Со звоном упали на землю цепи Комаровского.

– Идите! – указал Морозенко козакам на выход и, обратившись к Комаровскому, произнес твердо: – Ты наступил мне на сердце, но ты пощадил ее! Бери ж саблю! – бросил он ему лежавшую в стороне карабелу. – Защищайся! Пусть нас рассудит бог!..

Появление Морозенка, его сообщение, безумная ярость, охватившая с первых его слов Богдана, настолько ошеломили Богуна и Ганну, что несколько мгновений они не могли дать себе отчета в том, что произошло в один момент на их глазах. Когда же взгляд Ганны упал на удаляющуюся, почти бегущую вслед за Морозенком фигуру Богдана, все стало ей ясно, и стыд за мелкое чувство батька, и горе, и оскорбление – все это нахлынуло на нее какою то страшною, темною волной. В ушах ее зазвенело, ноги подкосились, свет погас, Ганна бессильно опустилась на лаву и уронила голову на стол. "Его тянет она, Елена! Да неужели же нет для него ничего дороже тех шелковых кос и лживых лядских очей?" Ганна охватила голову руками и словно занемела.
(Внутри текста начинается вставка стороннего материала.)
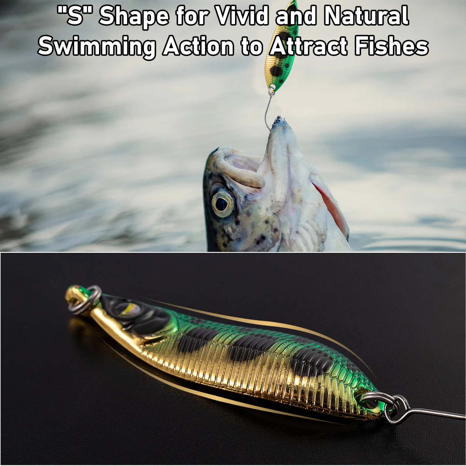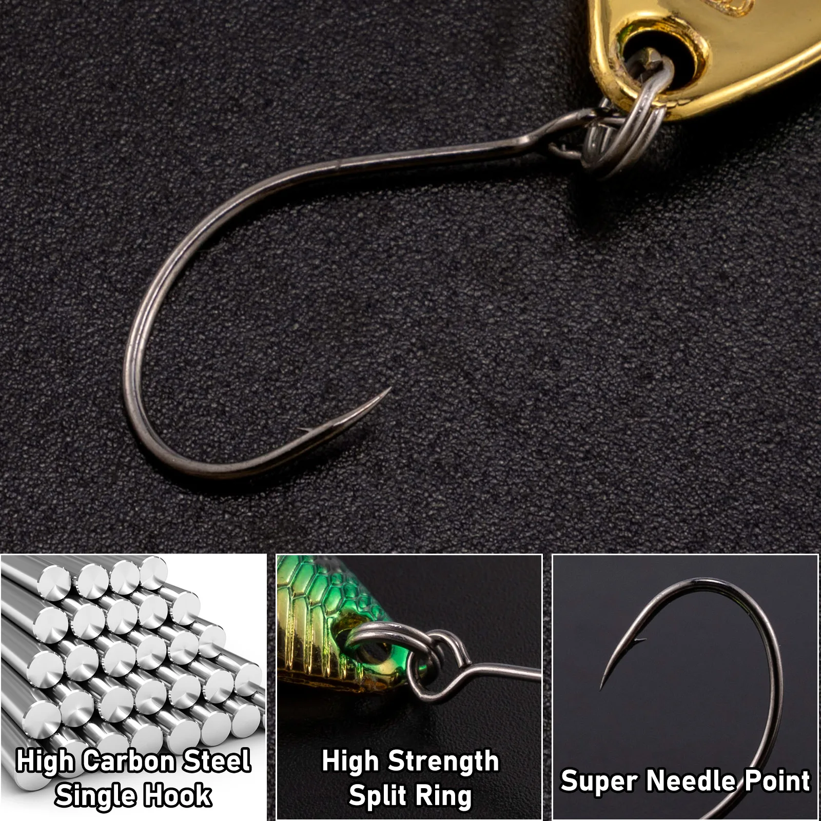Señuelos de cuchara de pesca premium: nuestras cucharas están hechas con material de alta calidad con recubrimiento galvanizado, armado con anillos divididos de alambre hiper. La tecnología de corte mecanizado preciso los hace irrompibles, no flexibles y resistentes a la corrosión.
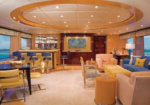 Just as the owners had planned the salon and skylounge for night and day, the color schemes and décor are equally “night and day.” Glade Johnson used a cheery mix of yellows and blues, and blended them with light-toned anigre and tropical curtains. One particularly clever touch is the subtle use of circular shapes. Overhead in the skylounge is a large circular treatment that is reflected below by circular wool carpeting set into a pale maple sole. The result is that it doesn’t feel as though there are separate areas but, rather, one large, convivial space.
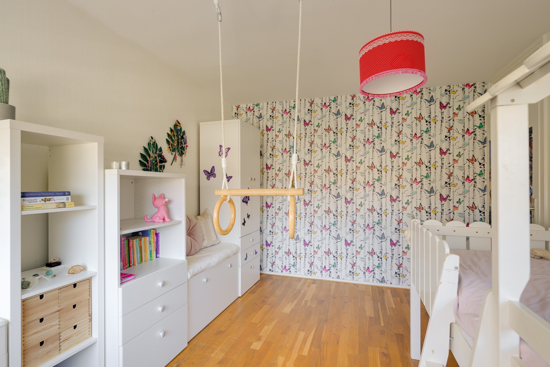 Here you'll find three bedrooms—each spacious, bright, and cleverly designed. The master bedroom at the rear is a true gem: a tranquil cocoon, with a view of the greenery and direct access to your own walk-in closet. The two front bedrooms both have access to the balcony—ideal for teenagers who want to get some fresh air or for guests you'd like to pamper.
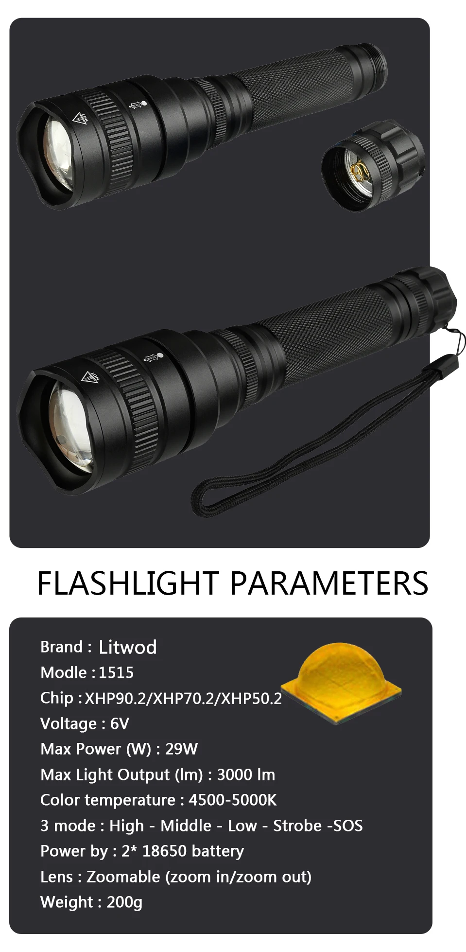 1. Название бренда: Litwod2. Название модели: 15153. Количество: 1 шт.4. Бусины: CREE-XHP90.25,5 -Режимы: 100% - 70% - 50%-стробоскоп-SOS
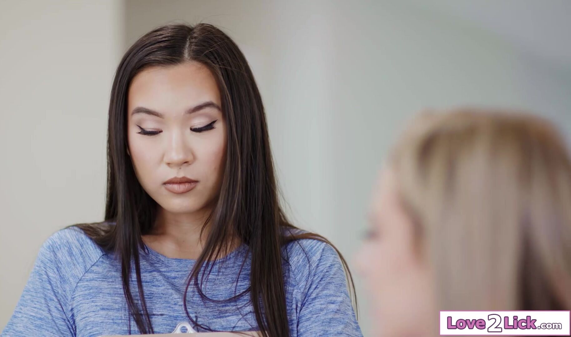 Sorority leades Kyler Quinn and Eliza Ibarra seduce the rival asian lackeys Kimmy Kimm and Nicole Doshi.The lesbians agree to a fucking foursome.The babes line up to lick pussy and rim ass.The busty asian and the busty latina facesit the teens
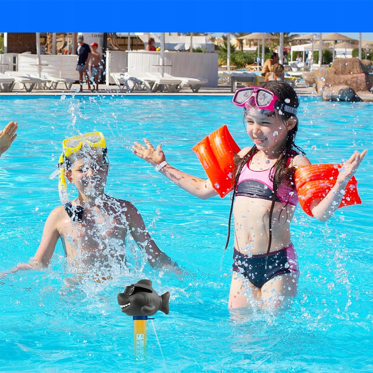 Вишуканий дизайн: Термометр басейну з мотивом акули вгорі барвистий і привабливий для всіх дітей, які люблять плавати. Його можна використовувати не лише для вимірювання температури в басейні, але і як кумедна іграшка для ванни.
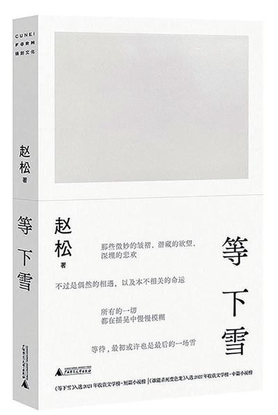 《等下雪》收录了赵松新近创作的七篇中短篇小说,包括《等下雪》《猫不会掉头》《葬礼》《谁能杀死变色龙》《酒友》《恐龙会跳舞》《高山流水》。赵松以克制笔触描摹现代人的精神困境。
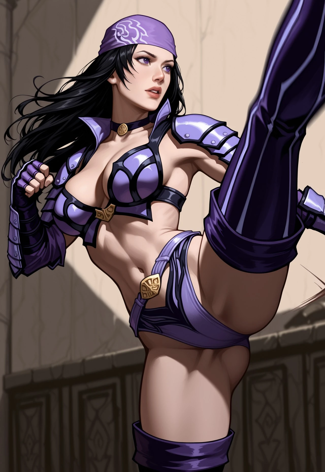 purple bandana, choker, bikini armor, shoulder armor, gauntlets, fingerless gloves, thigh boots,
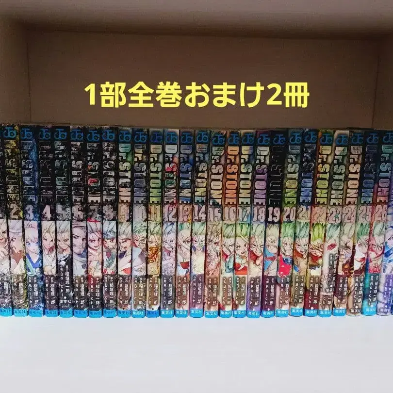인기 코믹스 닥터 스톤 1~26권과 관련 도서 2권을 포함한 28권 세트입니다. 1부 완결인 26권까지입니다. 27권은 미구매입니다. 전반적으로 일광화상도 적고 상태가 좋다고 생각합니다. 방수 대책을 하여 포장해 드리겠습니다. 낱개 판매, 가격 인하는 불가합니다. 즉시 구매 ok입니다.
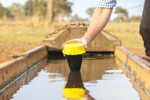 Simple Water Tank Level Monitor LIVESTOCK Feeding Equipment A few Nebraska ranchers are using an Australian water tank monitor they discovered at last year’s Husker Harvest Days Like Nick Seymour the Australian inventor the ranchers know through cellphone alerts that their cattle always have water Seymour developed the “Water Rat” with one priority in mind - keep it simple And it is Move a magnet on the outside to turn on the enclosed switch of the completely sealed device and throw it in a water tank Ballast keeps the bobber-like unit upright when floating in water If the tank goes dry for some reason the accelerometer sensor sends a cell message when the Water Rat tilts 30 degrees It also sends two messages daily that all is well “If you have a deeper body of water you can tie it to a tether at the distance you want it to alert you ” Seymour adds He initially created it to help his father operate a cattle ranch in Australia There are other monitoring options for big holding tanks but solar pumps can quit and lines that fill the water troughs can get plugged or break The Water Rat has GPS and can be moved to different tanks whenever the cattle are moved Seymour notes that cattle are initially curious about the device and lick and push it but they can’t really damage it The Li-Soc12 battery inside lasts 1 to 2 years The Water Rat costs about $400 USD and each device requires an annual cellular subscription $100 Seymour is setting up a dealer network in North America that’ll be available through his website “People like the Water Rat because they can go away from the farm and have no worries about their cattle having water ” Seymour says and it saves time and energy by eliminating the need to check water tanks every day Contact: FARM SHOW Followup Farmo Suite 16 / 7- 9 Leeds St Footscray Victoria 3011 ph 03 9854 6432; help@farmo com au; www farmo com au
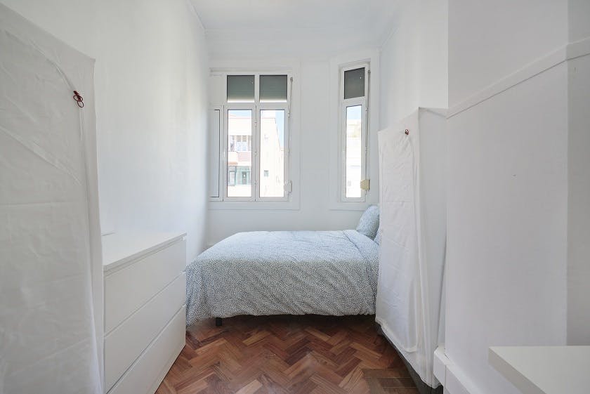 Casa Sampaio I – Room 9 Casa Sampaio I is a residence in the centre of Lisbon with sixteen (16) rooms and four (4) bathrooms (3 of them with a shower and 1 with just a toilet), oriented towards students and young professionals. It is located close to Marquês de Pombal. ROOMS The rooms are furnished with a complete bed and set of sheets, duvet, and pillow with cover, bedside table with lamp, wardrobe, chest of drawers, desk with bench and dustbin. In-room TV is available on request. COMMON AREAS The common area has a dining table with chairs and access to the clothesline. There is unlimited wireless Internet throughout the house, and cable TV in all rooms and in the common area. The house is cleaned up to twice a week by the cleaning staff. KITCHEN The kitchen has three (3) refrigerators with a freezer, stove, oven, and microwave and is fully equipped with crockery, glasses, cutlery, pots, pans, and a set of knives. LOCATION This location allows the house to benefit from a varied local commerce network, making use of a Continente supermarket, mini-markets, cafes, restaurants, butchers, pharmacies, and banks and it is just a step away from the Parque Eduardo VII. TRANSPORT In a few minutes, it is possible to reach the metro stations of Marquês de Pombal (Yellow and Blue Lines). The house is in a central location, which allows you to be served with a wide range of public transport with connections to all parts of the city, including the airport: metro, bus, and taxis! Please, read carefully the whole description before sending a booking request: ✅ YOUR MONTHLY RENT INCLUDES: - Utilities (Up to €40/month of water, electricity, gas). - WiFi. - Cable TV. - Weekly cleaning of common areas of the house. - Maintenance service. - Telephone service for emergencies. 💵 REQUIREMENTS: + Security Deposit (equivalent to the amount of one month's rent and paid during the check in). + Admin fee (Paid per person once during the check in). + Extra cost of 50€/month in case the accommodation is intended for 2 persons. 📅 MONTHLY CONTRACT: Payment for whole months, regardless of your move-in and move-out date. 🕛 CHECK-IN TIME: - Monday to Friday - from 8 am until 6 pm. 🌆 OPTIONAL EXTRA SERVICES (under request) - Check-in outside working hours or during weekends - 34.99 € (Working hours: Monday to Friday - from 8 am until 6 pm). - Fridge inside the room (minimum stays of 6 months) - 14.99 € p/month. - Special cleaning of the room 49.99 € (1 X per week). 🔊 RENTAL CONDITIONS: - There is a rental contract that must be signed and respected by the tenant(s). - For the rental contract it is necessary a copy of an ID Document and fiscal number. - During the booking process it is mandatory to be indicated who are the persons that are going to rent the accommodation and do the check-in. - The security deposit must be paid during the check-in and it will be returned if the accommodation is left in the same condition as received. The security deposit can't be part of the last month's rent. - The rent must be paid until the last day of the previous month. - Every tenant is responsible for keeping the accommodation clean and in good conditions. - Visitor(s) policy: Yes (Under request and approval). - Parties are not allowed. - Loud noises are not allowed after 22:00. - Smoking inside the property is not allowed. - Pets or animals are not allowed. We carry out contracts, issue receipts within the scope of the law and assist with obtaining the Residence Visa!...
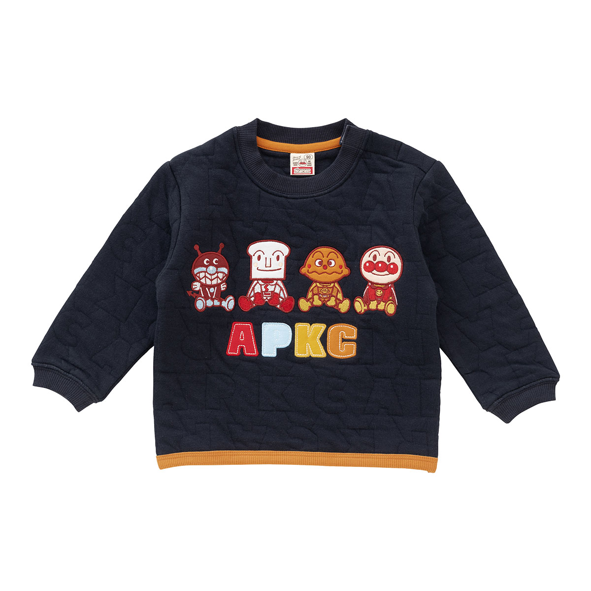 APKCのアルファベットロゴ柄のキルト生地を使用した豪華で凝ったトレーナーです。
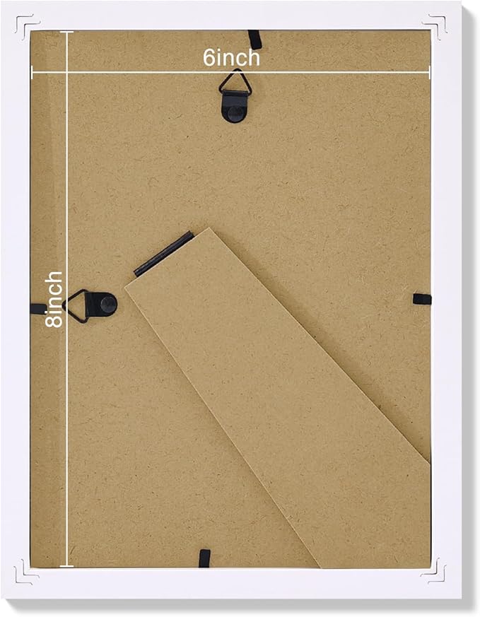 - Wall Hanging and Tabletop Display: Our 6x8 frames feature hanging hooks and an easel back for easy wall mounting or tabletop display, horizontally or vertically. Each set includes hanging nails for effort and less photo display
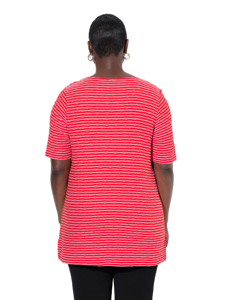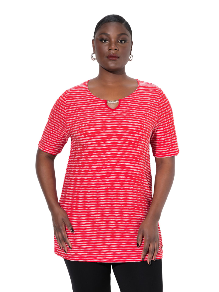 Футболка классической формы из мягкого трикотажа с тонкой текстурой. Круглый вырез с металлическим зажимом и "V"-образной замочной скважиной. Полурукий. Боковые прорези для гладкого корпуса.материал
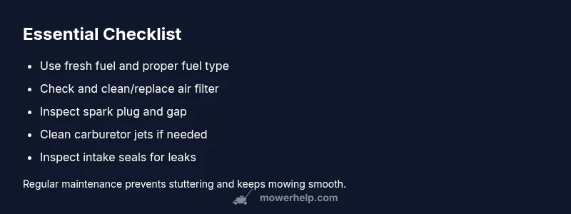 Most often, a stuttering lawn mower points to fuel delivery or air intake problems. Start with the simplest fixes: verify fresh fuel, inspect or replace a dirty air filter, and check the spark plug gap. If stuttering persists, follow the diagnostic flow for deeper causes and use the step-by-step fixes until the mower runs smoothly.
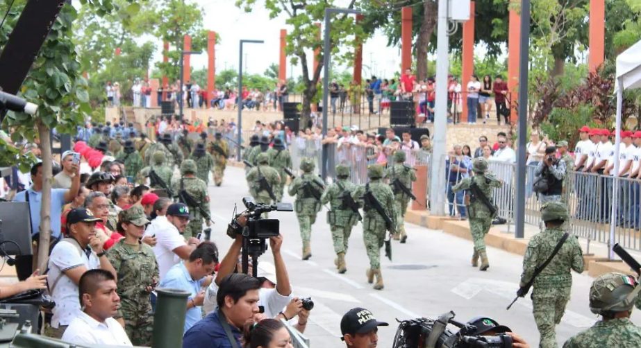 El 57 Batallón de Infantería reportó sin novedades el desfile cívico-militar en el que participaron, por parte del Ejército, dos bandas de guerra y 371 elementos: 25 vehículos, cuatro embarcaciones, un equipo anfibio, tres canes y 50 soldados de servicio militar nacional.

В палатке было тихо; слышалось только тяжелое, прерывистое дыханье Богуна. В душе козака происходила глухая, затаенная борьба. Наконец, подавленный, глубокий вздох вырвался из его груди; Богун сжал с силой свои руки, так что кости в них треснули, и подошел к Ганне.

– Бедная моя дивчына! – произнес он тихо и положил ей руку на плечо.

Ганна вздрогнула и подняла голову.

– Бедная, бедная моя! – повторил еще печальнее козак.

Ганна взглянула на него, и ей стало ясно сразу, что Богуну

теперь понятно все.

– Брате мой! – произнесла она дрогнувшим голосом, подымаясь с места.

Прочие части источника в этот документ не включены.